Write your research in this form:

> The [phenomenon] of [subject] is not "[common-sense expectation]," but "[actual finding]."

Original example:
> The effect of SME digital-transformation training is not "there or not there," but appears "when awareness and infrastructure meet."

## Task 2: Three puzzle pieces

Pick one core finding. Gather three pieces of evidence that support it from different analyses/methodologies. Write in this form:

[methodology A (analysis no.)]: [result, one line].
[methodology B (analysis no.)]: [result, one line].
[methodology C (analysis no.)]: [result, one line].

N methodologies converge on the same conclusion: [conclusion].

## Task 3: Build a metaphor

Pick your hardest statistical result. Make three metaphors. For each, draw an element-by-element 1:1 correspondence table. Pick the most exact one.

## Task 4: Three sentences of theory connection

(1) [Theory name] originally explains [original meaning] in [original context].
(2) In this data, that appears as the [pattern] of [variable A] × [variable B].
(3) This reinterprets [theory name] from a [new perspective].

## Task 5: End on a question

Write your conclusion. Then write three "questions this analysis could not answer." End the piece with the most provocative one. The last sentence must be a question mark, or a call to the next action.

---

# Part 5. Why this way of writing works

Academic writing usually demands **detachment**. Passive voice, third person, no emotion.

This piece goes the opposite way. **"We asked. The answer was baffling. It was obvious."** The researcher's emotions and thought process are laid bare. And yet the data and figures are accurate to the level of an academic paper.

Why the combination works: **credibility is secured by the numbers, and the pleasure of reading is secured by the narrative.** Narrative without numbers is fiction; numbers without narrative is a report. Fuse the two and you get "research you want to read."

This also touches the "research storytelling" current drawing attention in academia lately. Nature and Science's News & Views, and Harvard Business Review's research summaries, are all this format.
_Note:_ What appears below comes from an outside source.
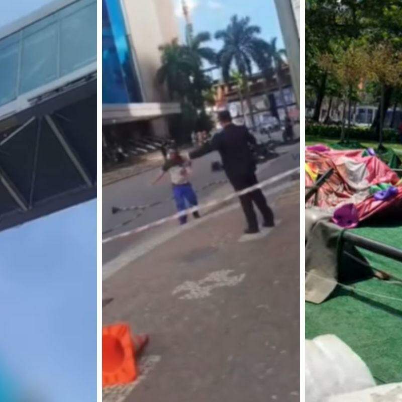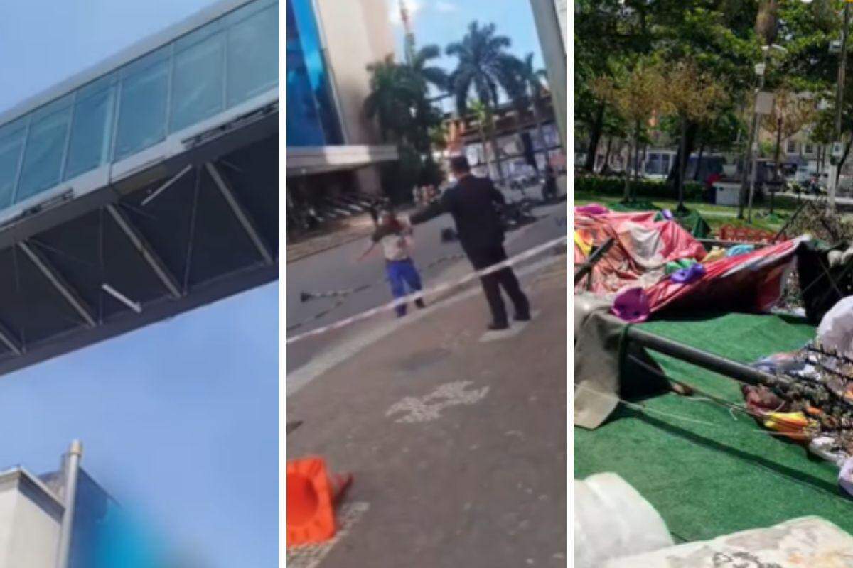 Os destroços bloquearam a calçada; há risco de outra parte da fachada do templo cair

They deliver, at once, the accuracy of data to the expert and the pull of story to the non-expert.

---

# Summary: checklist

After writing, check the following:

- [ ] Is the spine of the piece built on "the deepening of the question"?
- [ ] Does each section have the reversal of "expectation → betrayal → reinterpretation"?
- [ ] Is there a 1:1 metaphor for the core concept?
- [ ] Are numbers inside the three-part "claim–evidence–interpretation" structure?
- [ ] Does it show the convergence of different methodologies?
- [ ] Is theory written as "connection/reinterpretation," not "explanation"?
- [ ] Is the last sentence a "next question," not an "answer"?
- [ ] Is there variation in sentence rhythm? (short-short-short-long)
- [ ] Is bold used only at "reversal points"?
- [ ] When read, does it feel like "living through" the research process together?
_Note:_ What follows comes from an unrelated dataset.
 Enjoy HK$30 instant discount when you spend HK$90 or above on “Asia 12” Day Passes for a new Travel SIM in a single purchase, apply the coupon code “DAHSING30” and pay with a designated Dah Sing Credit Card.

It was good… and it was sad…

That my own thing — learning from my own writing to reflect it into another of my things — creates a cognitive dissonance, as if what’s mine is no longer mine… and yet the fact that this is fairly effective comes down, right now, to two reasons:

  • First, I can pull the good points out of my own writing, formalize them, and I can learn from them. Through that I can establish a style.
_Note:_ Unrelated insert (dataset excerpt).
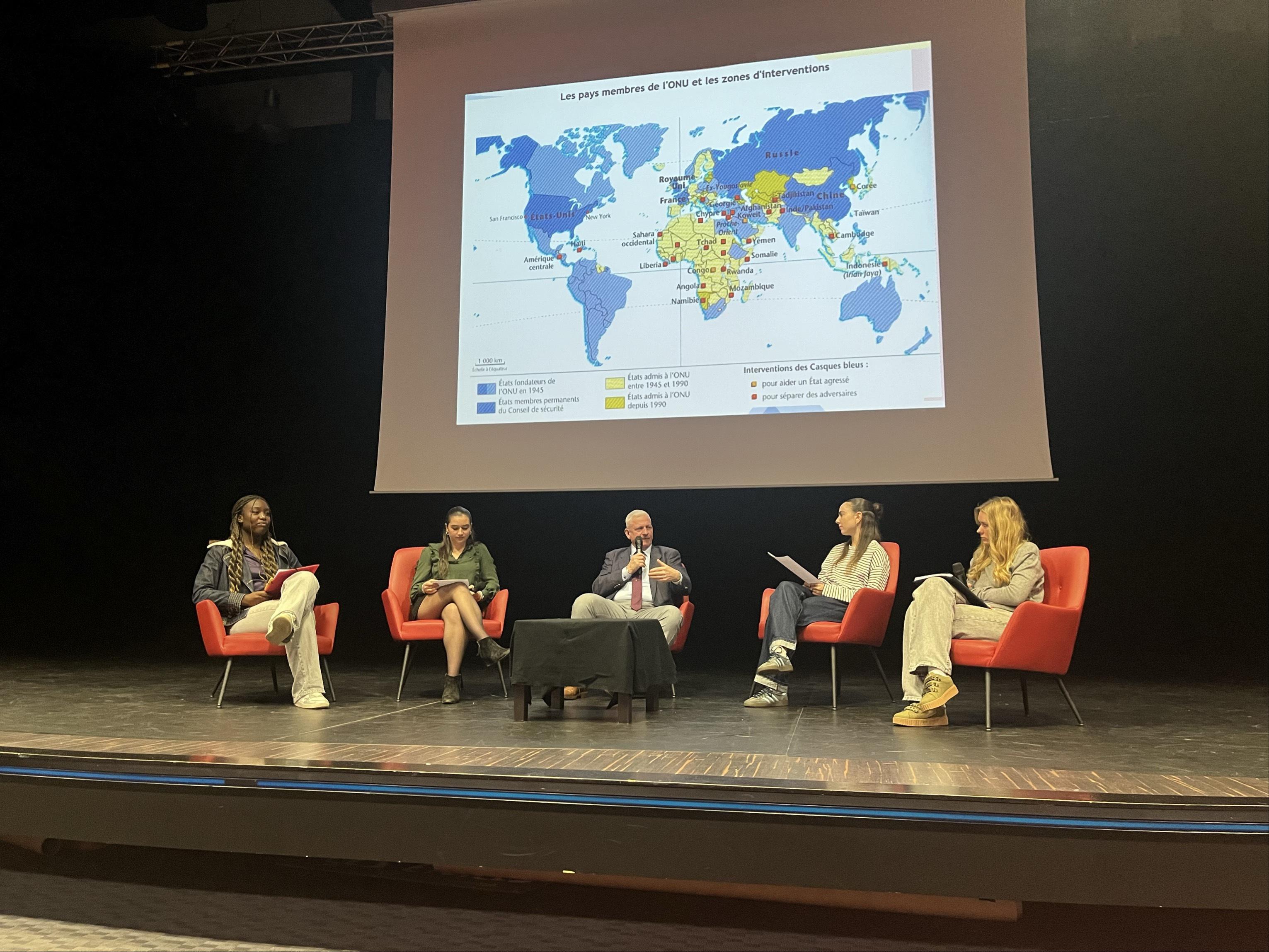 La conférence aborde les thématiques de la guerre et de la paix, sujets qui furent étudiés au préalable en classe. Le général Chanson y expose tout d’abord l’idée du « retour de la guerre », théorie selon laquelle la guerre reprend de l’ampleur au sein des sociétés depuis le début du 21e siècle. La considération importante accordée aux conflits influence l’ensemble de l’organisation mondiale. Les États imposent des taxes afin de financer des campagnes militaires, ce qui a pour conséquence la révolte populaire. Les guerres sont aujourd’hui caractérisées par leur lien constant à la mondialisation. Il s’agit, entre autre, de guerres commerciales et économiques, notamment causées par la hausse du protectionnisme et la volonté d’une hégémonie mondiale des pays les plus développés. Les barrières douanières et taxes frontalières se font plus nombreuses dans des conflits opposant les puissances telles que la Chine et les États-Unis. Si d’une part il est question de cette nouvelle arme de guerre, pour le moins dangereuse économiquement, d’autre part les guerres intraétatiques se multiplient dans le monde, opposant des belligérants aux rapports de force asymétrique, conduisant ainsi à des massacres et une létalité forte. Au cours de sa vie professionnelle, le Général Chanson vit la guerre et ses changements. Les conflits connaissent depuis la fin de la guerre froide et l’arrivée de l’arme atomique de grandes évolutions.

  • Second, in many cases I can easily produce writing in these styles using stiff pieces as the source (I’m an otaku with my own philosophy, so I’m not satisfied unless I make the original source myself — and seeing something an AI just churned out end to end gives me a slight twinge of disgust…).

Since this isn’t research, I didn’t open it up for ethics’ sake, but I hope it might, just maybe, cut down on misunderstandings down the road.